=== Extracted records ===
= = = = =

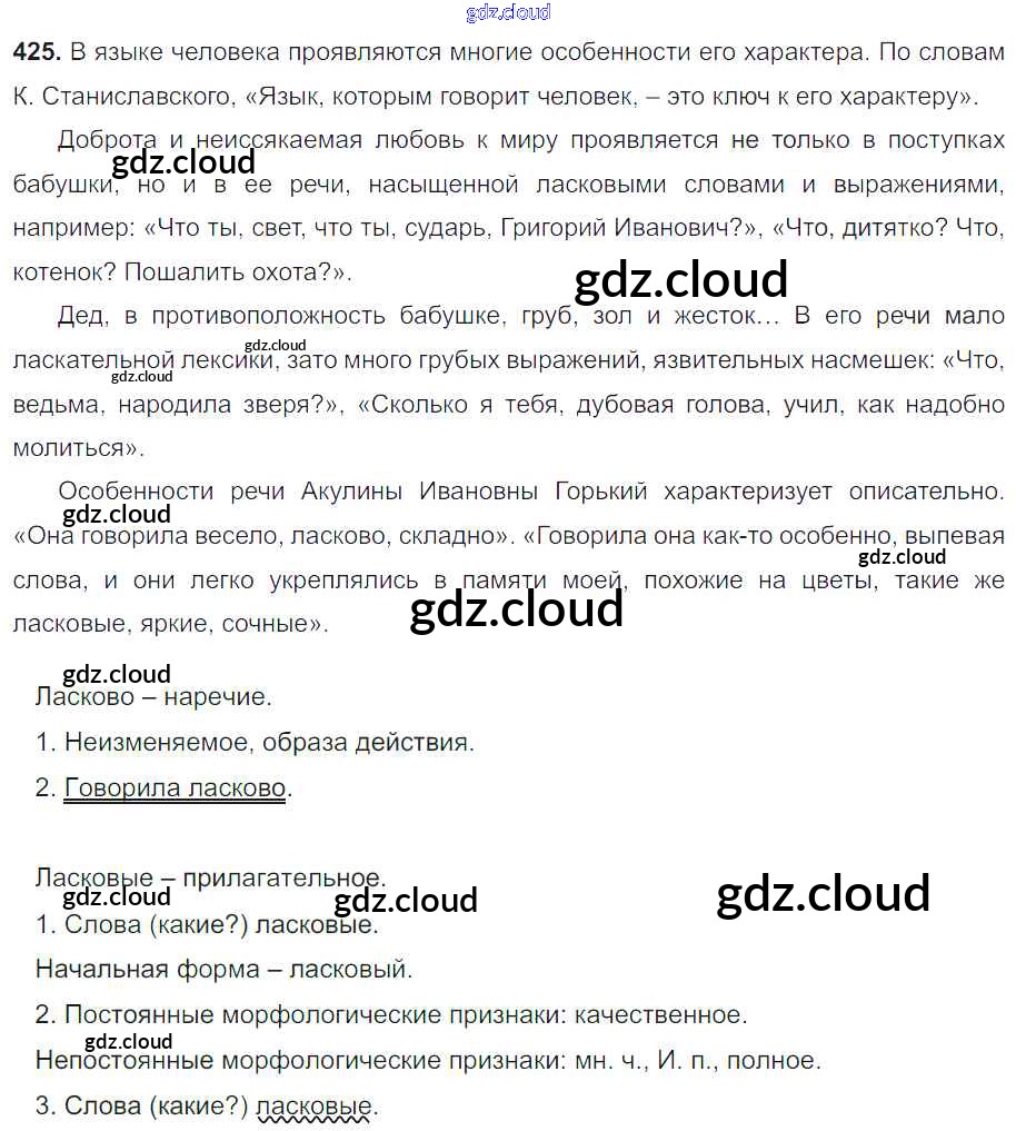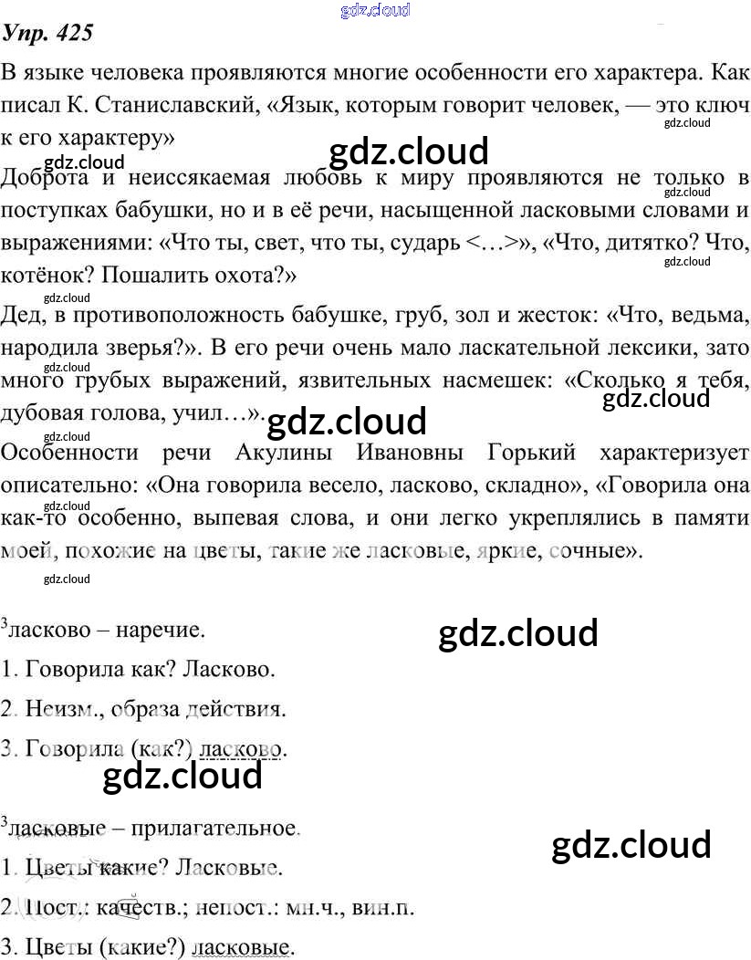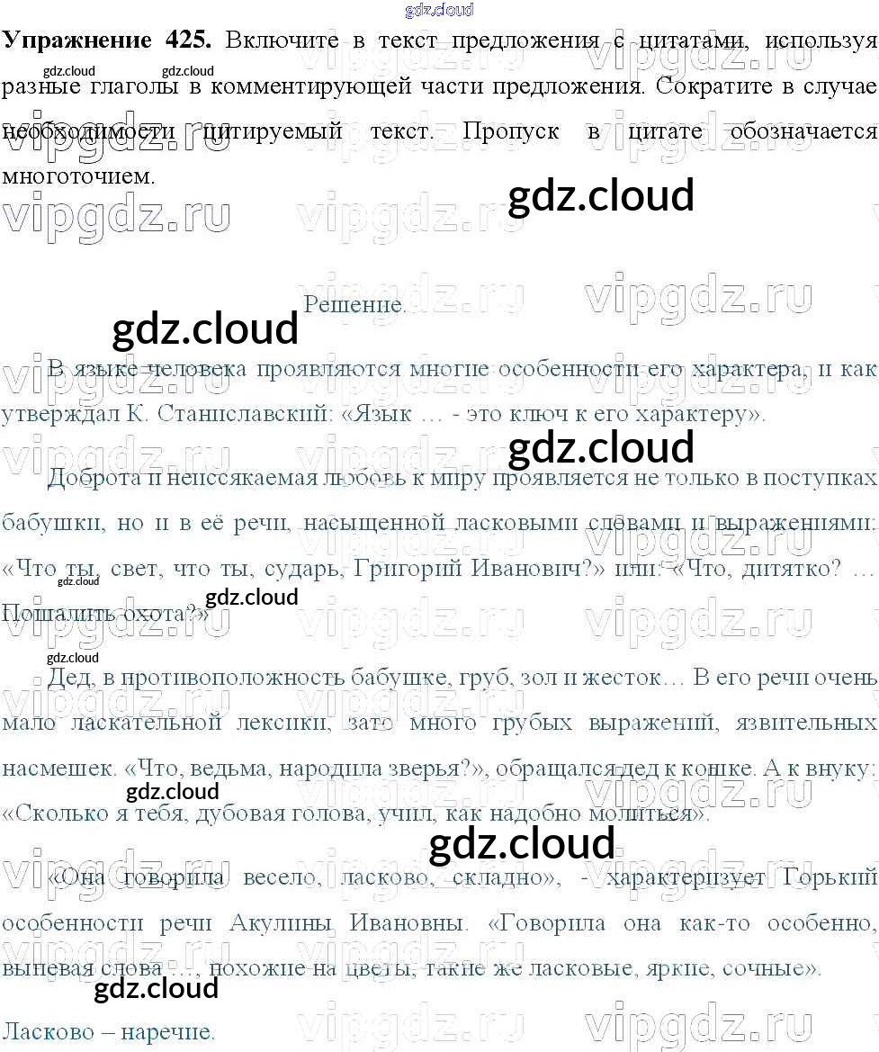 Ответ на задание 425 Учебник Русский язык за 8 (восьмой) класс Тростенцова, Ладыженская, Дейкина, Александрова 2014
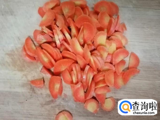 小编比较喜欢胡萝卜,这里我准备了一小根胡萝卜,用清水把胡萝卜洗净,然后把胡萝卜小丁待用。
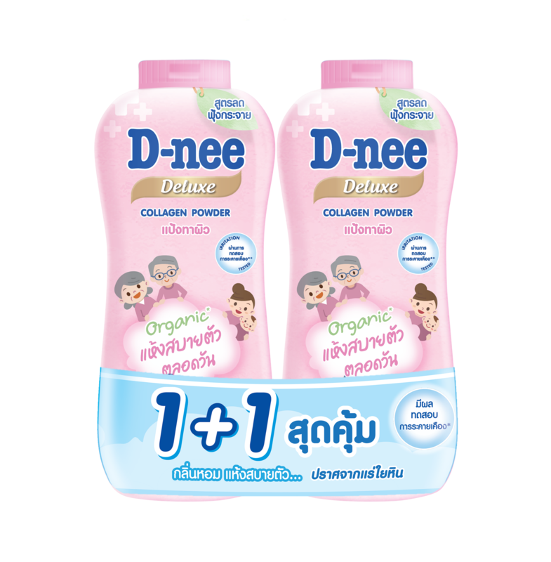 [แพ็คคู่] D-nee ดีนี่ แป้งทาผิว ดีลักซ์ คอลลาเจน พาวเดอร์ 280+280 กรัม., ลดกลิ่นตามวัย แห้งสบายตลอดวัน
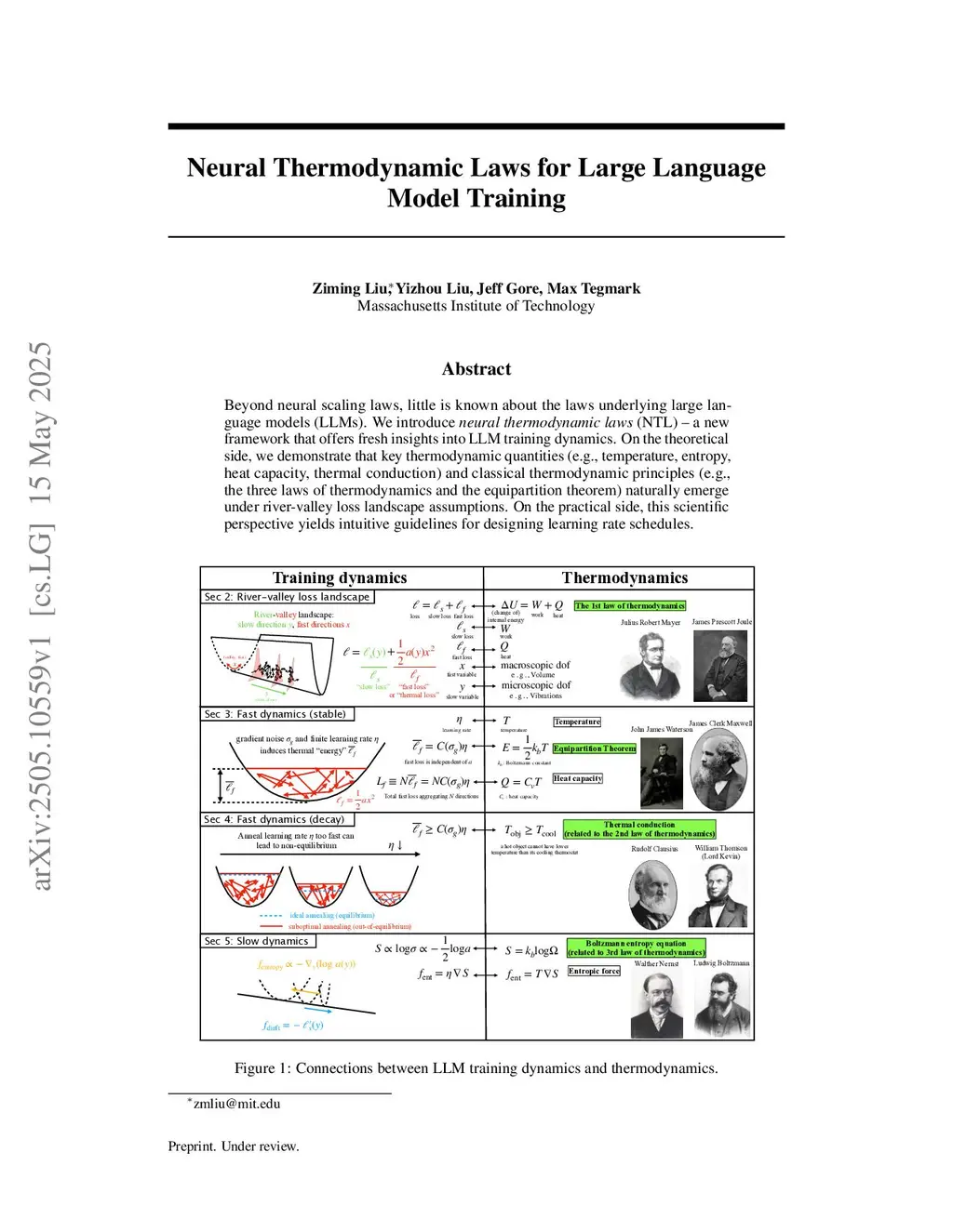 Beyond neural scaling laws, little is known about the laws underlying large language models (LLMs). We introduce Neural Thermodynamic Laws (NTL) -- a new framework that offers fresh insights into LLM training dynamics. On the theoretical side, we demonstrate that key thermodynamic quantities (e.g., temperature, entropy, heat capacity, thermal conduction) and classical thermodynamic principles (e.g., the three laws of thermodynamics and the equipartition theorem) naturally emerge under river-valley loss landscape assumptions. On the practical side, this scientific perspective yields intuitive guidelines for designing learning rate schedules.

= = = = =

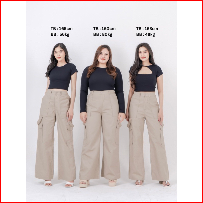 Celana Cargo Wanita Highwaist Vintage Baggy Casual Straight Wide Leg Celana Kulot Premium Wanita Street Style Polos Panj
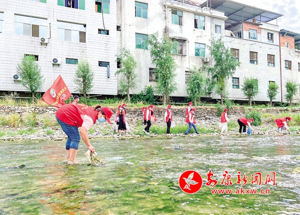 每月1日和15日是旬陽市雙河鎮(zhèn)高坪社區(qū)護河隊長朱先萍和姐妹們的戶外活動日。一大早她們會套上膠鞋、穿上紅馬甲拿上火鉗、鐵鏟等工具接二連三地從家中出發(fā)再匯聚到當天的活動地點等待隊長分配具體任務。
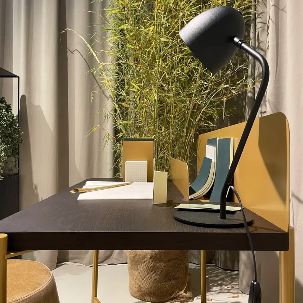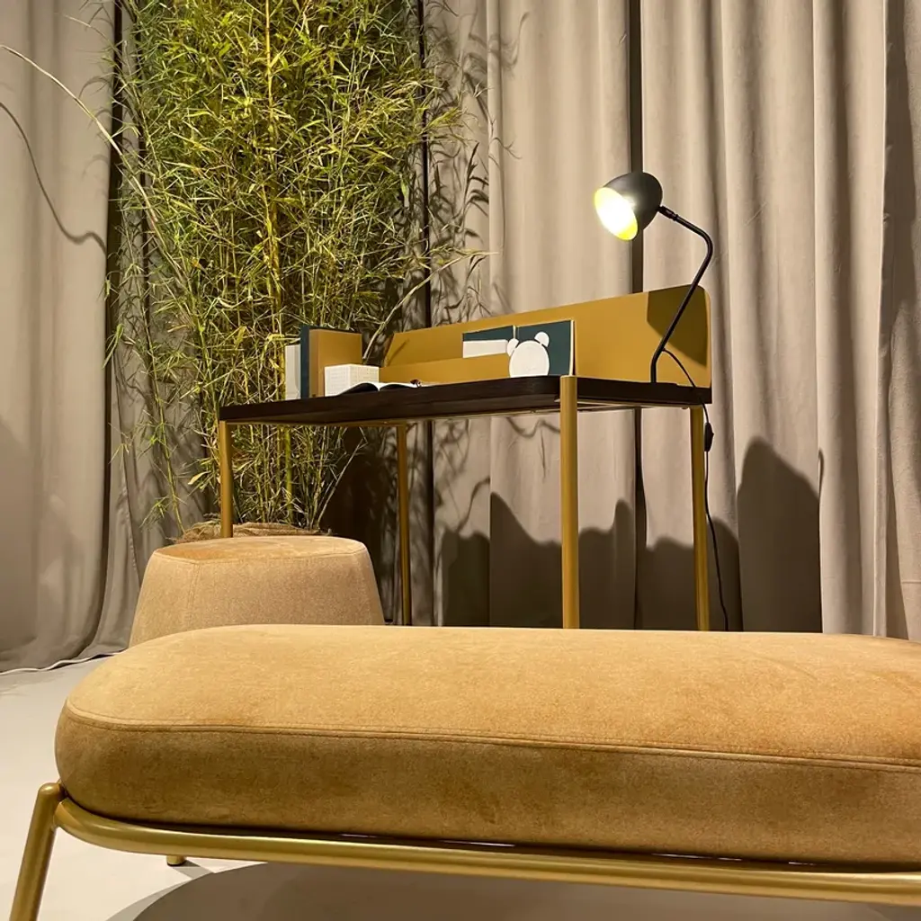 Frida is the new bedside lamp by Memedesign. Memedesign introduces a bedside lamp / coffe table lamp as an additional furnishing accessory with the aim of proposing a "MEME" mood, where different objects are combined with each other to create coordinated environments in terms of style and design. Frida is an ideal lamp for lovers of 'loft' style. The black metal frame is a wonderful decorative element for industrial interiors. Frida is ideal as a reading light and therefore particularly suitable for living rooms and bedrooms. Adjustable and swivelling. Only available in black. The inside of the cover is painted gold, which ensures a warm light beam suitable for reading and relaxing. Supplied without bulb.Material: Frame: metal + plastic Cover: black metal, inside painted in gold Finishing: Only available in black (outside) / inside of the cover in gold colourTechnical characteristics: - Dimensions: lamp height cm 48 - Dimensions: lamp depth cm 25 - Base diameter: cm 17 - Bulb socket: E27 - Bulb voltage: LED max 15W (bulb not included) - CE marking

= = = = =

Copy exactly the lines of the listing above between the one holding "Ответ на задание" and the one holding "[แพ็คคู่] D-nee ดีนี่", inclusive; omit all pictures.

 Ответ на задание 425 Учебник Русский язык за 8 (восьмой) класс Тростенцова, Ладыженская, Дейкина, Александрова 2014
 小编比较喜欢胡萝卜,这里我准备了一小根胡萝卜,用清水把胡萝卜洗净,然后把胡萝卜小丁待用。
 [แพ็คคู่] D-nee ดีนี่ แป้งทาผิว ดีลักซ์ คอลลาเจน พาวเดอร์ 280+280 กรัม., ลดกลิ่นตามวัย แห้งสบายตลอดวัน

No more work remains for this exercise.